I downloaded it,  but i don't really see anything that spectacular about it. I love omniweb cuz of the anti-aliasing and spell checking....


----------



## simX (Mar 26, 2002)

Siiigggh.. yet another browser wars thread.


----------



## unlearnthetruth (Mar 26, 2002)

haha.... perhaps admin should lock this thread before it's too late...


----------



## ABassCube (Mar 26, 2002)

I'd have to say OmniWeb. While Mozilla is faster and is MUCH more compatible with the standards (JavaScript, Flash, CSS, etc), I can't stand Mozilla's interface. OW is much more Aqua-ish, and its bookmarks and download manager are far better than Mozilla's. I mean, come on, multiple download windows? Even in 9 that would be unacceptable, since IE has always had a one-window download manager.

OW does get pretty slow at times, but for the most part, it's not that bad.

Sometimes I feel like I have to use Mozilla because OW's support for web standards is SO bad, but then I immediately go back to OW because of Mozilla's horrible interface. 

Adam

Edit: Forgot about Anti-aliasing. Mozilla's text looks horrible.


----------



## starfleetX (Mar 26, 2002)

Why Mozilla?

*unlearnthetruth*: It's because Mozilla offers the fastest and most accurate page rendering on Mac OS X. Load a table-heavy page at all your browsers Mozilla will load it the fastest and scroll it the smoothest. The Mach-O builds of Mozilla are even faster, but plugins don't work yet and downloading isn't supported. When the Chimera guys get 0.2 working, Chimera will be probably be THE number 1 browser in my book.


----------



## ABassCube (Mar 26, 2002)

> _Originally posted by starfleetX _
> *Why Mozilla?
> 
> unlearnthetruth: It's because Mozilla offers the fastest and most accurate page rendering on Mac OS X. Load a table-heavy page at all your browsers Mozilla will load it the fastest and scroll it the smoothest. The Mach-O builds of Mozilla are even faster, but plugins don't work yet and downloading isn't supported. When the Chimera guys get 0.2 working, Chimera will be probably be THE number 1 browser in my book. *



I agree with you about the speed and page rendering, but smooth scrolling??
Is it just me, or is Mozilla's scrolling REALLY freakin' slow? Is it just my computer? On mine, Mozilla's scrolling is much worse than OW and IE.

Adam


----------



## themacko (Mar 26, 2002)

The only reason I go into IE is to view Windows Media files .. if they could work the plugin into Mozilla I'd be a happy man.

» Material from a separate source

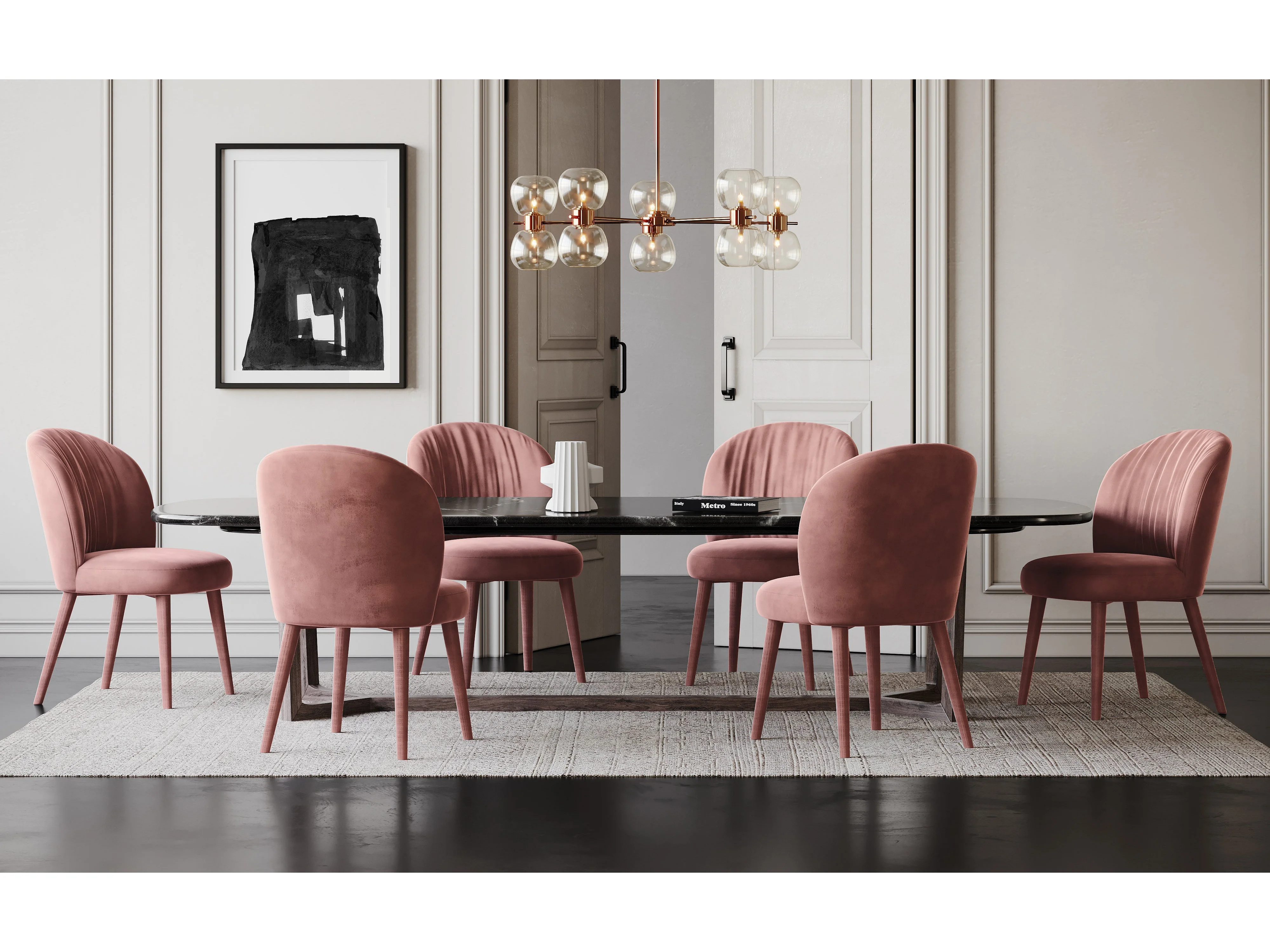 Lot de 2 chaises velours rose pieds velours

I'll also be a happy man when Chimera becomes good enough to be my new default browser.


----------



## Bluefusion (Mar 27, 2002)

Mozilla with the Modern theme rocks.

The app is very slow though, however the page loading is quite fast. I prefer Mozilla but I do miss antialiasing. Mozilla's download system also really sucks... WHEN IS CHIMERA 0.2 coming out? That WiLL be the best browser by far. When Chimera hits 1.0... oh, man.


----------



## Bluefusion (Mar 27, 2002)

Mozilla with the Modern theme rocks.

The app is very slow though, however the page loading is quite fast. I prefer Mozilla but I do miss antialiasing. Mozilla's download system also really sucks... WHEN IS CHIMERA 0.2 coming out? That WiLL be the best browser by far. When Chimera hits 1.0... oh, man.


----------



## themacko (Mar 27, 2002)

ugh, I don't like the modern theme.  Looks way too hokey, definately not like it belongs on a Mac.  As for the download manager, yeah it blows.


----------



## googolplex (Mar 27, 2002)

bluefusion, download the pinstripe theme... (I can't find the link now, it was on another thread though). Its much nicer then modern or classic. More aquaish then both. 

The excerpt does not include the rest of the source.